Focus groups for the Hunger Summit have identified several other issues that plague Greene County. Poverty continues to be an issue that Greene County faces, as 16.3% of people in Greene County live in poverty. This results in a lack of transportation, and many people lack access to food pantries because they have no way to get there.
Poor literacy also influences hunger in Greene County. According to the U.S. Census Bureau, 13.9% of high school students drop out before graduation. Coupled with a decline in low-skill employment opportunities and substance abuse, the lack of literacy hinders many people from finding decent-paying jobs. The Greene County Food Security partnership also says that the lack of literacy causes many people to have trouble applying for Free and Reduced School Meals.
Over the past few years, Greene County has seen the emergence of several little food pantries, or Helping Boxes. Helping Boxes are small boxes where people can leave food for others to come and take as they need it.

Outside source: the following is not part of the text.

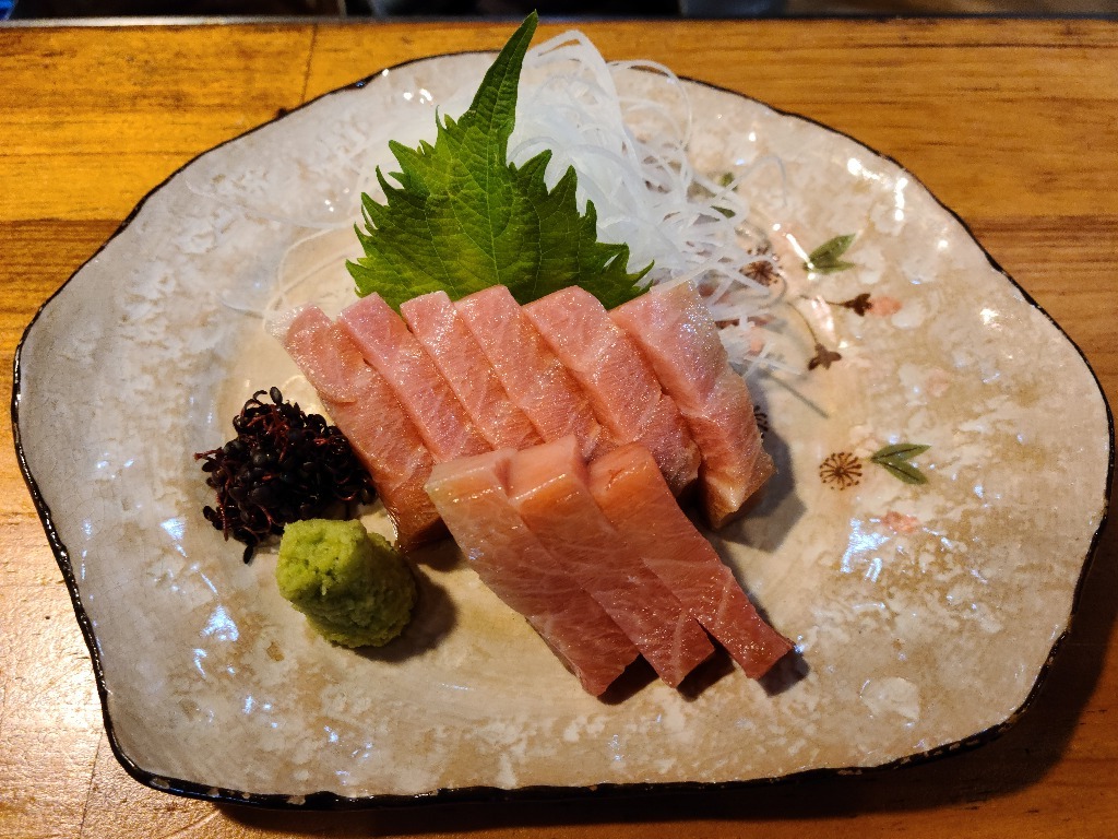 本巣市居酒屋、今回紹介は、本マグロお刺身です、ちょーオススメハラミの所、赤身、中とろ、大とろ美味しい油最高です、価格1380円、その他おばんざい各種380円気楽に1人飲みもできます、是非一度お試し下さい。

Margaret Truntrich, former co-chair of the Greene County food partnership, says the Helping Boxes offer a simple solution for people who might not feel comfortable applying for government welfare.
“Our hope was that people who needed food for a temporary period of time and couldn’t imagine applying for any kind of handout would use it,” she said. “Everyone would be happy: the people who got to help their neighbors and the people who needed help.”
According to Truntrich, Helping Boxes are a good way to aid the people who need help in Greene County and are too proud to ask for it.
“There are a lot of people out there who need help and are very proud folks that don’t want to ask for it,” she said. “This is a nice way to let people get some help without anybody knowing and affecting their pride in any way.”
Truntrich says the idea was originally given to her by a friend.
“One of the people that I know was challenged by her daughter, who lived in Nashville, to put in a little food pantry, because a lot of organizations there were doing that. So she got the First Presbyterian Church to put one up,” Truntrich said. “She came to the Food Security Partnership to see if we might be interested in spreading the word and getting other organizations involved, and we thought that it was a great idea.”
The Food Security Partnership then put together a committee to determine which businesses and organizations would be interested in putting together their own little food pantries.
“A few [organizations] agreed. There were many who were concerned with vandalism,” Truntrich said. “There were a lot of organizations who did not want to get involved. But there were a few that did.”
Although Truntrich is no longer with the Greene County Food Security Partnership, her experience seems to indicate that the initiative is working.
“From looking at some of the food boxes in town, like at the library and First Presbyterian, it seems to be working rather well,” she said.
Truntrich hopes more people decide to create their own Helping Box.
“It’s just a good way for people to help their neighbors,” she said.
Those who are interested in creating Helping Boxes can go to littlefreepantry.org for resources and instructions.